**Exercise directions**
Your task is to transcribe the data exactly while omitting each picture.
Input data START
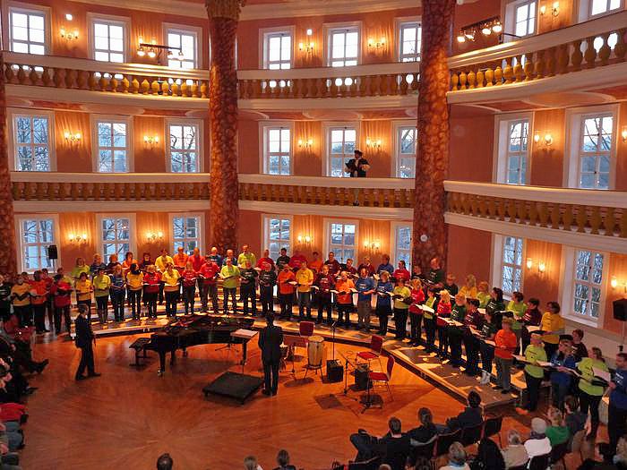 Die Ergebnisse dieses Workshops wurden gestern in einem öffentlichen Konzert im Achteckhaus unter der musikalischen Leitung von Prof. André Schmidt präsentiert. Stilistisch wurde das Programm so gestaltet, dass es vom 16. Jahrhundert bis in die heutige Popmusik reichte und auch weltliche Chorwerke a cappella und mit Klavier- oder Bandbegleitung beinhaltete.
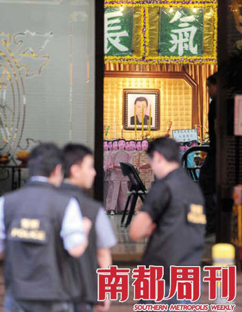 在靈堂掛著的另一副更正式的挽聯(lián)是:“劍膽無畏,永不妥協(xié)。”靈堂祭奠的死者,新義安近年最“出位”的黑道頭目,拼殺20余年的李泰龍,最終在8月4日凌晨,在自己的地盤尖沙咀,被仇家有計劃地斬殺。短短30秒的車撞、刀砍,曾經(jīng)傷人無數(shù)的他,最終血噴街頭而終,震撼香港。
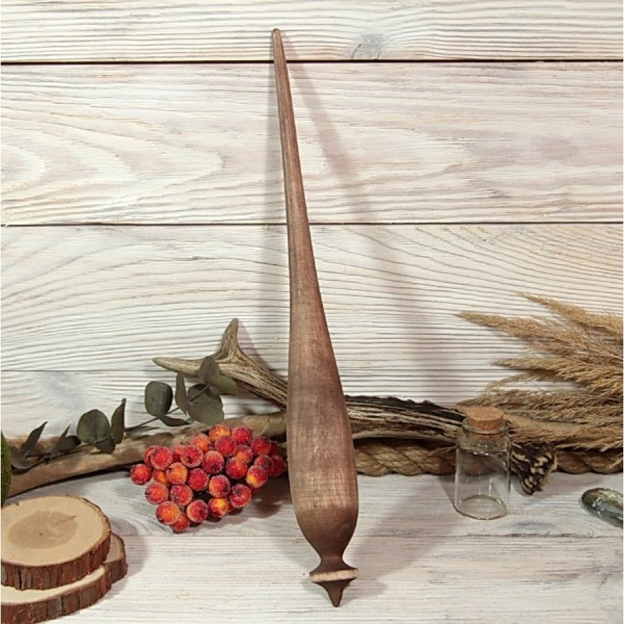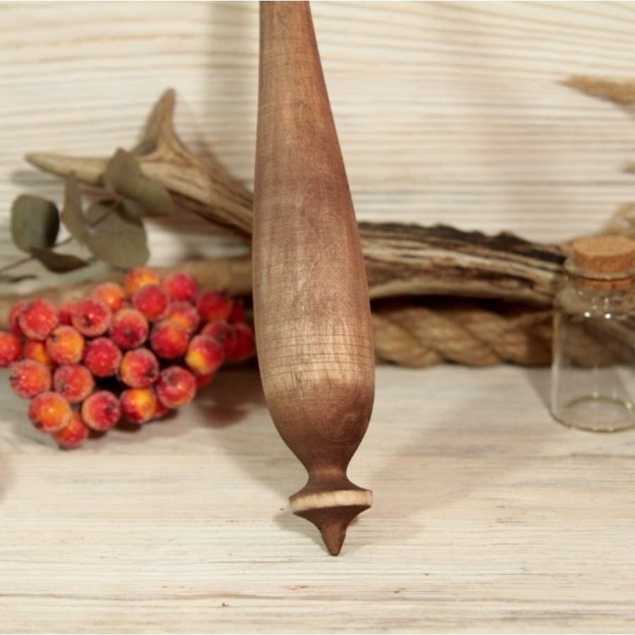 Веретено изготовлено в строгом соответствии с историческими канонами, что позволяет использовать его как по прямому назначению, так и в ритуальных целях. Древесина искусно тонирована в глубокий коричневый цвет и слегка состарена с помощью наждачной бумаги, дабы придать изделию благородный "эффект старины", напоминая о его богатой истории и связи с прошлыми поколениями.
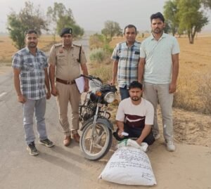ऐलनाबाद,20 अप्रैल (रमेश भार्गव ) जिला की एंटी नारकोटिक्स सेल सिरसा पुलिस टीम ने गश्त व चेकिंग के दौरान महत्वपूर्ण सूचना के आधार पर कार्रवाई करते हुए गांव बणी क्षेत्र से बाइक सवार युवक को हजारों रुपए का 9 किलो 830 ग्राम डोडा चूरा पोस्त सहित काबू किया है । इस संबंध में विस्तृत जानकारी देते हुए एंटी नारकोटिक्स सेल सिरसा पुलिस टीम के प्रभारी ने बताया कि सेल की एक पुलिस टीम गश्त के दौरान गांव बंणी की तरफ जा रही थी । इस दौरान पुलिस पार्टी जब गांव बणी के नजदीक पहुचीं तो सामने से बाइक पर प्लास्टिक कट्टा लिए हुए एक नौजवान युवक आता दिखाई दिया । उक्त बाइक सवार युवक ने सामने पुलिस की गाड़ी को देखकर अचानक बाइक को वापस मोड़कर भागने का प्रयास किया तो बाइक अचानक बंद हो गई । पुलिस पार्टी ने शक के आधार पर उक्त बाइक सवार युवक को काबू कर भागने का कारण पूछा तो कोई संतोषजनक जवाब नहीं दे पाया । पुलिस पार्टी ने शक के आधार पर राजपत्रित अधिकारी की मौजूदगी में प्लास्टिक कट्टे को खोलकर तलाशी ली तो प्लास्टिक कट्टे से 9 किलो 830 ग्राम डोडा चूरा पोस्त बरामद हुआ । उन्होंने बताया कि गिरफ्तार किए गए आरोपी की पहचान राजेंद्र उर्फ बग्गा पुत्र माडू राम निवासी गांव कुलचंद्र थाना टिब्बी जिला हनुमानगढ हाल गांव सरदारपुरिया बिका जिला गंगानगर राजस्थान के रुप में हुई है । सेल प्रभारी ने बताया कि गिरफ्तार किए गए आरोपी के खिलाफ थाना रानियां में मादक पदार्थ अधिनियम के तहत मामला दर्ज कर जांच रानिंया थाना पुलिस के हवाले की गई थी ।
Input data END
**Worked solution**
 Die Ergebnisse dieses Workshops wurden gestern in einem öffentlichen Konzert im Achteckhaus unter der musikalischen Leitung von Prof. André Schmidt präsentiert. Stilistisch wurde das Programm so gestaltet, dass es vom 16. Jahrhundert bis in die heutige Popmusik reichte und auch weltliche Chorwerke a cappella und mit Klavier- oder Bandbegleitung beinhaltete.
 在靈堂掛著的另一副更正式的挽聯(lián)是:“劍膽無畏,永不妥協(xié)。”靈堂祭奠的死者,新義安近年最“出位”的黑道頭目,拼殺20余年的李泰龍,最終在8月4日凌晨,在自己的地盤尖沙咀,被仇家有計劃地斬殺。短短30秒的車撞、刀砍,曾經(jīng)傷人無數(shù)的他,最終血噴街頭而終,震撼香港。
 Веретено изготовлено в строгом соответствии с историческими канонами, что позволяет использовать его как по прямому назначению, так и в ритуальных целях. Древесина искусно тонирована в глубокий коричневый цвет и слегка состарена с помощью наждачной бумаги, дабы придать изделию благородный "эффект старины", напоминая о его богатой истории и связи с прошлыми поколениями.
ऐलनाबाद,20 अप्रैल (रमेश भार्गव ) जिला की एंटी नारकोटिक्स सेल सिरसा पुलिस टीम ने गश्त व चेकिंग के दौरान महत्वपूर्ण सूचना के आधार पर कार्रवाई करते हुए गांव बणी क्षेत्र से बाइक सवार युवक को हजारों रुपए का 9 किलो 830 ग्राम डोडा चूरा पोस्त सहित काबू किया है । इस संबंध में विस्तृत जानकारी देते हुए एंटी नारकोटिक्स सेल सिरसा पुलिस टीम के प्रभारी ने बताया कि सेल की एक पुलिस टीम गश्त के दौरान गांव बंणी की तरफ जा रही थी । इस दौरान पुलिस पार्टी जब गांव बणी के नजदीक पहुचीं तो सामने से बाइक पर प्लास्टिक कट्टा लिए हुए एक नौजवान युवक आता दिखाई दिया । उक्त बाइक सवार युवक ने सामने पुलिस की गाड़ी को देखकर अचानक बाइक को वापस मोड़कर भागने का प्रयास किया तो बाइक अचानक बंद हो गई । पुलिस पार्टी ने शक के आधार पर उक्त बाइक सवार युवक को काबू कर भागने का कारण पूछा तो कोई संतोषजनक जवाब नहीं दे पाया । पुलिस पार्टी ने शक के आधार पर राजपत्रित अधिकारी की मौजूदगी में प्लास्टिक कट्टे को खोलकर तलाशी ली तो प्लास्टिक कट्टे से 9 किलो 830 ग्राम डोडा चूरा पोस्त बरामद हुआ । उन्होंने बताया कि गिरफ्तार किए गए आरोपी की पहचान राजेंद्र उर्फ बग्गा पुत्र माडू राम निवासी गांव कुलचंद्र थाना टिब्बी जिला हनुमानगढ हाल गांव सरदारपुरिया बिका जिला गंगानगर राजस्थान के रुप में हुई है । सेल प्रभारी ने बताया कि गिरफ्तार किए गए आरोपी के खिलाफ थाना रानियां में मादक पदार्थ अधिनियम के तहत मामला दर्ज कर जांच रानिंया थाना पुलिस के हवाले की गई थी ।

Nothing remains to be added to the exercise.